My hypothesis is that this occurs because for small target values, we can often find solutions using no 2 or more digit substrings.  If we use all 9 1-digit numbers, our solution is the addition or subtraction of 5 odd numbers and 4 even numbers, which results in an odd number. Additionally, if we use only one 2 digit substring and seven 1 digit substrings, we will still end up with an odd number half the time (depending on if the 2 digit substring is even or odd). Thus, it is “easier” to obtain small odd numbers.  Any solution that results in an even number cannot use only 1 digit substrings.

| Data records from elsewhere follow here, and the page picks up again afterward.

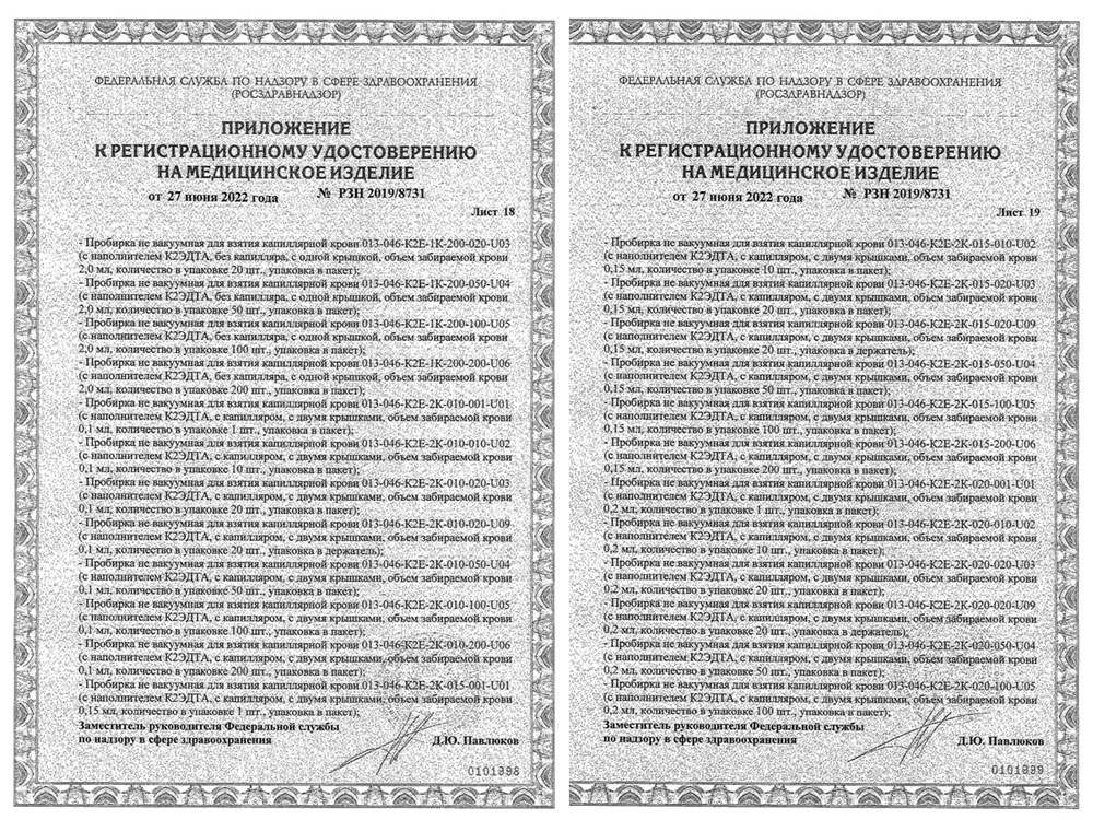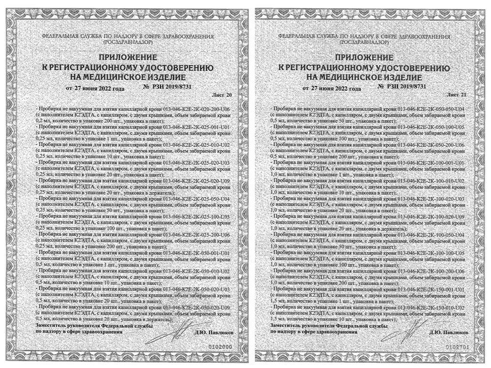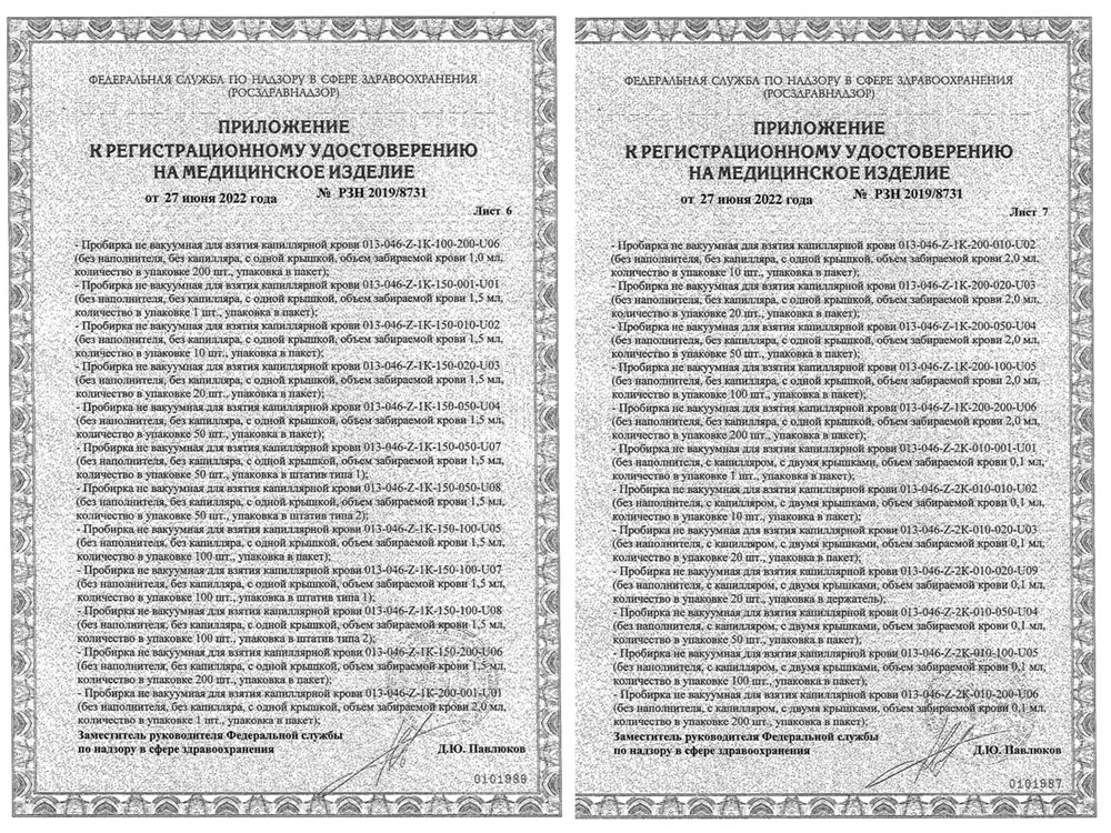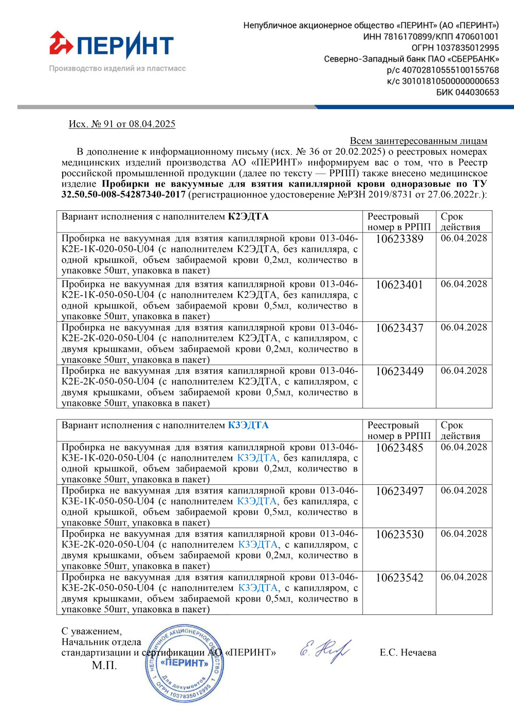 - Пробирки не вакуумные для взятия капиллярной крови. Перинт. Инф. письмо РРПП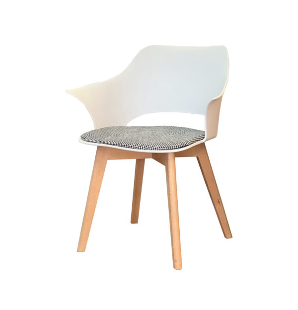 La silla Angie combina diseño moderno y funcionalidad, con una estructura ligera pero resistente que ofrece comodidad y estilo en cualquier espacio. Su respaldo ergonómico y su asiento tapizado aportan confort, mientras que la base de madera brinda estabilidad y un aire cálido, ideal para ambientes contemporáneos como comedores, oficinas o espacios de reunión.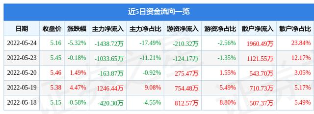 资金流向数据方面,5月24日主力资金净流出1438.72万元,游资资金净流出210.32万元,散户资金净流入1960.49万元。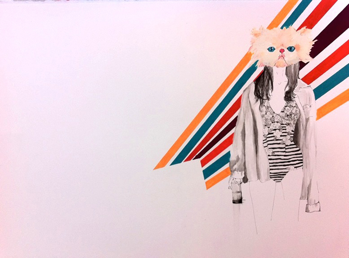 Cat Woman - Gouache and Blak Sumi Ink on Watercolor Paper - 14.5 x 18 - sold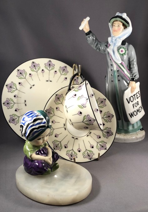 The legendary colour combination of green (Give), white (Women) and violet (the vote) across the years on Doulton Burslem wares!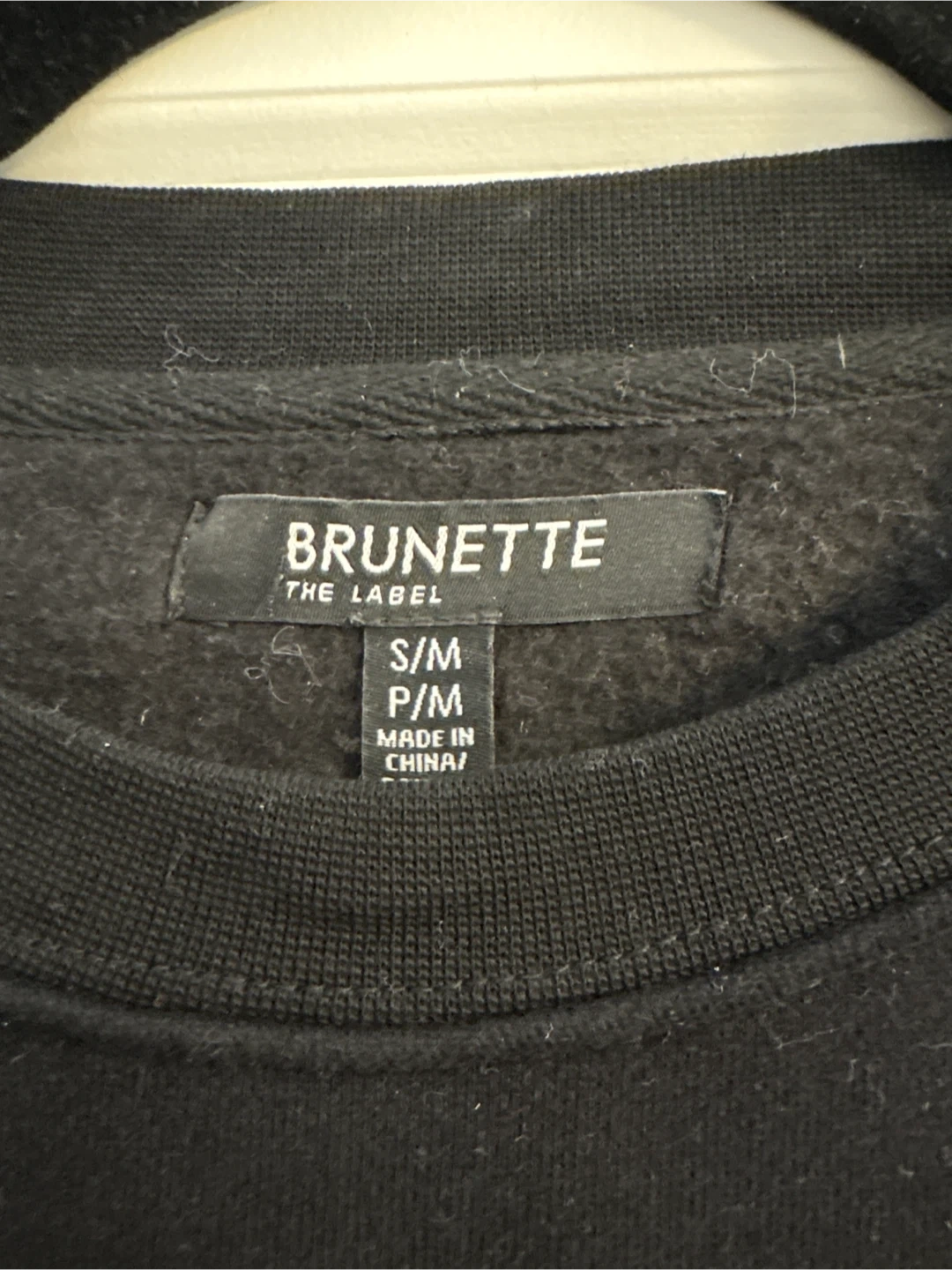 This is a black crewneck sweatshirt from Brunette The Label. It features the "Boss Babe." graphic on the front. Made in China. Size is S/M. Retails for $80.

Some evidence to collaborate this hypothesis is that for a target value of \(3\), there are \(23\) unique solutions that involve only 1 digit substrings. Those 23 solutions alone can explain the difference between the number of solutions for \(3\) vs \(2\). As our numbers get larger, the number of solutions involving only 1 digit substrings diminishes (and becomes \(0\) after \(45\)), so the odd/even split falls away.

Unsolvable target values

The first occurrence of an “unsolvable” target value is \(211\) for \(123456789\) and \(194\) for \(987654321\).  I suspect these numbers are fairly random artifacts of our initial list of inputs (i.e. if we choose a different starting input, there is no reason to think \(211\) will be a “hard” number to reach as compared to any other around it).

Future directions

I think the most interesting path to explore would be different starting substrings. I think a fascinating question to try to answer would be “Which starting substring” gives the most unique solutions for a target value of \(100\).” How does that “best” substring change when our target value changes? As a specific example, for which targets would a substring like \(123234345\) give more solutions than our original \(123456789\).

Let me know if you gave this problem a try and what you learned!